- Exercise brief -
The records below are to be repeated exactly, minus any pictures.

================

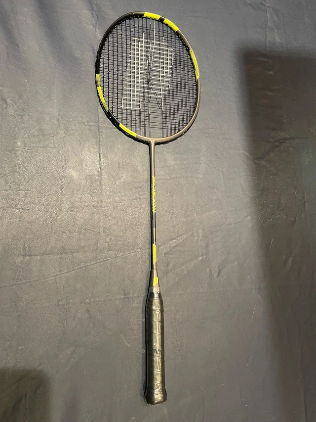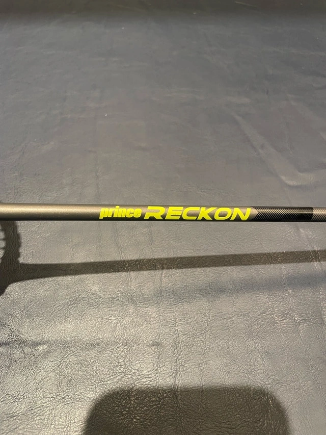 Prince Reckon badminton racquet. Please note that the strings need to be replaced. This racquet features a head light design and a slim shaft for enhanced play. Here are some additional details: * Brand: Prince * Model: Reckon * Head Light * Slim Shaft New sells for $119+ tax Crafted entirely from graphite, this racquet guarantees agility and power in every shot. Its slim 6.5mm shaft ensures unparalleled control. Elevate your game with the Prince Reckon and experience the perfect fusion of style and performance. Pickup can be arranged in Brampton, Mississauga, Oakville, Burlington, Hamilton
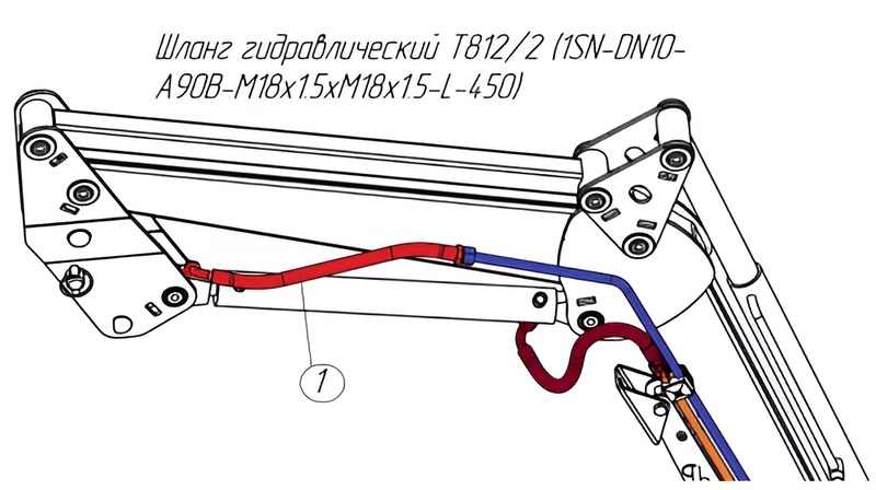 Шланг гидравлический Т812/2 (1SN-DN10-A90B-M18x1.5xM18x1.5-L-450)
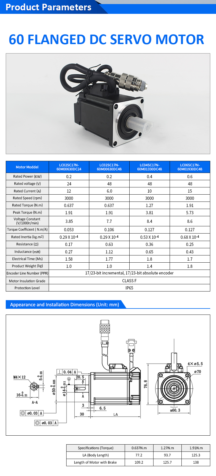 पल्स/RS485/CANopen/EtherCAT 60 FLANGED 400W कम भोल्टेज DC सर्वो मोटर ड्राइभर किट
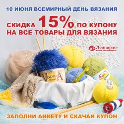 «Леонардо» присоединяется ко Всемирному дню вязания на публике: 10 июня товары для этого вида хобби будут продаваться со скидкой по специальному купону.
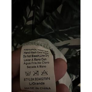 Banjul Dress Womens large Green White Leaf Tropical Faux Wrap Cross Cross Back. Condition is Pre-owned - Excellent. Shipped with USPS Ground Advantage.
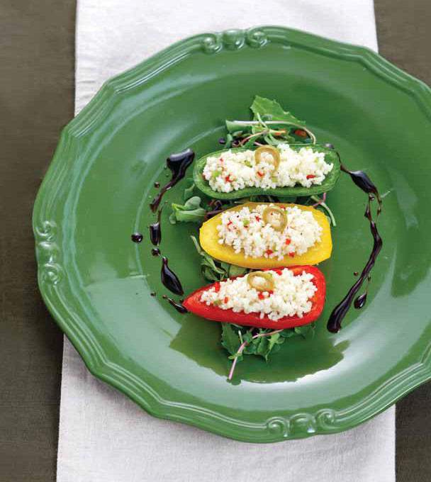 8. 반으로 자른 파프리카에 쿠스쿠스 를 소복하게 담고, 썰어놓은 올리 브를 올리고 발사믹 비네그레트 소스를 뿌린다.

================

- Response -
 Prince Reckon badminton racquet. Please note that the strings need to be replaced. This racquet features a head light design and a slim shaft for enhanced play. Here are some additional details: * Brand: Prince * Model: Reckon * Head Light * Slim Shaft New sells for $119+ tax Crafted entirely from graphite, this racquet guarantees agility and power in every shot. Its slim 6.5mm shaft ensures unparalleled control. Elevate your game with the Prince Reckon and experience the perfect fusion of style and performance. Pickup can be arranged in Brampton, Mississauga, Oakville, Burlington, Hamilton
 Шланг гидравлический Т812/2 (1SN-DN10-A90B-M18x1.5xM18x1.5-L-450)
 पल्स/RS485/CANopen/EtherCAT 60 FLANGED 400W कम भोल्टेज DC सर्वो मोटर ड्राइभर किट
 «Леонардо» присоединяется ко Всемирному дню вязания на публике: 10 июня товары для этого вида хобби будут продаваться со скидкой по специальному купону.
 Banjul Dress Womens large Green White Leaf Tropical Faux Wrap Cross Cross Back. Condition is Pre-owned - Excellent. Shipped with USPS Ground Advantage.
 8. 반으로 자른 파프리카에 쿠스쿠스 를 소복하게 담고, 썰어놓은 올리 브를 올리고 발사믹 비네그레트 소스를 뿌린다.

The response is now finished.